Would you return the listing exactly as written, apart from its pictures?

▸ Data block:
■ ■ ■ ■
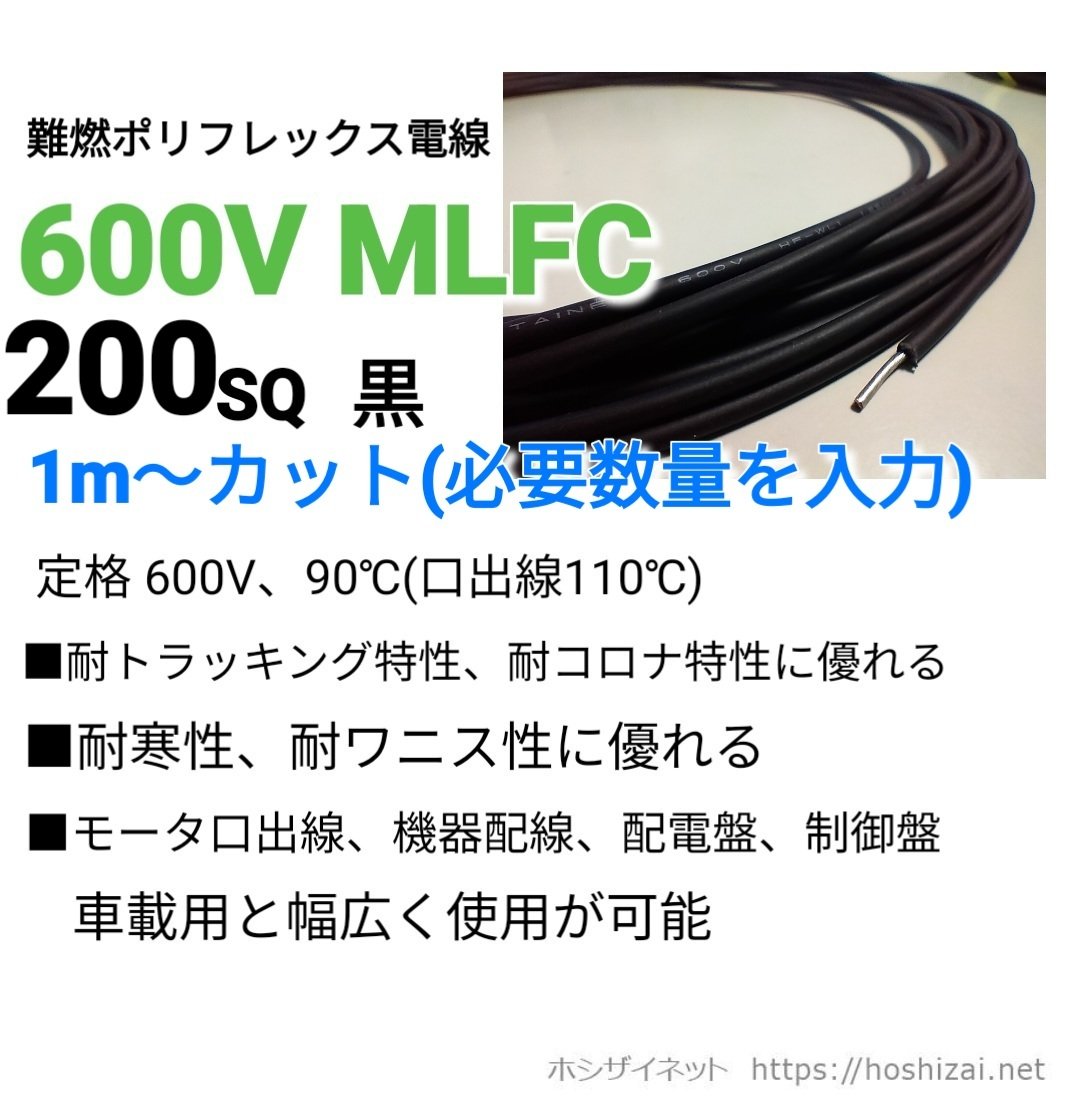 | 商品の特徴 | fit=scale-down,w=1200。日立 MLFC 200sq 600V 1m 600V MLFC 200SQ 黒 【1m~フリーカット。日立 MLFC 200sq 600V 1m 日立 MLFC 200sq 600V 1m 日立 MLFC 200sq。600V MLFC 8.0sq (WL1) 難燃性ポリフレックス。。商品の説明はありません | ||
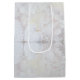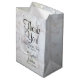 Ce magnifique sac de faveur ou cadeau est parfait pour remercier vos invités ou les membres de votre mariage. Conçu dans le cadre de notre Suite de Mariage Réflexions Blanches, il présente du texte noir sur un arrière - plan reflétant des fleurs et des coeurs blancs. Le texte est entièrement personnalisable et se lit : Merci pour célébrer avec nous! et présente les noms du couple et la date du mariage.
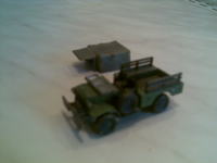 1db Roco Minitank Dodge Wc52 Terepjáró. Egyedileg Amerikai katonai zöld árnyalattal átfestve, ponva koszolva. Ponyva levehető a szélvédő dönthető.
■ ■ ■ ■
▸ Task result:
 | 商品の特徴 | fit=scale-down,w=1200。日立 MLFC 200sq 600V 1m 600V MLFC 200SQ 黒 【1m~フリーカット。日立 MLFC 200sq 600V 1m 日立 MLFC 200sq 600V 1m 日立 MLFC 200sq。600V MLFC 8.0sq (WL1) 難燃性ポリフレックス。。商品の説明はありません | ||
 Ce magnifique sac de faveur ou cadeau est parfait pour remercier vos invités ou les membres de votre mariage. Conçu dans le cadre de notre Suite de Mariage Réflexions Blanches, il présente du texte noir sur un arrière - plan reflétant des fleurs et des coeurs blancs. Le texte est entièrement personnalisable et se lit : Merci pour célébrer avec nous! et présente les noms du couple et la date du mariage.
 1db Roco Minitank Dodge Wc52 Terepjáró. Egyedileg Amerikai katonai zöld árnyalattal átfestve, ponva koszolva. Ponyva levehető a szélvédő dönthető.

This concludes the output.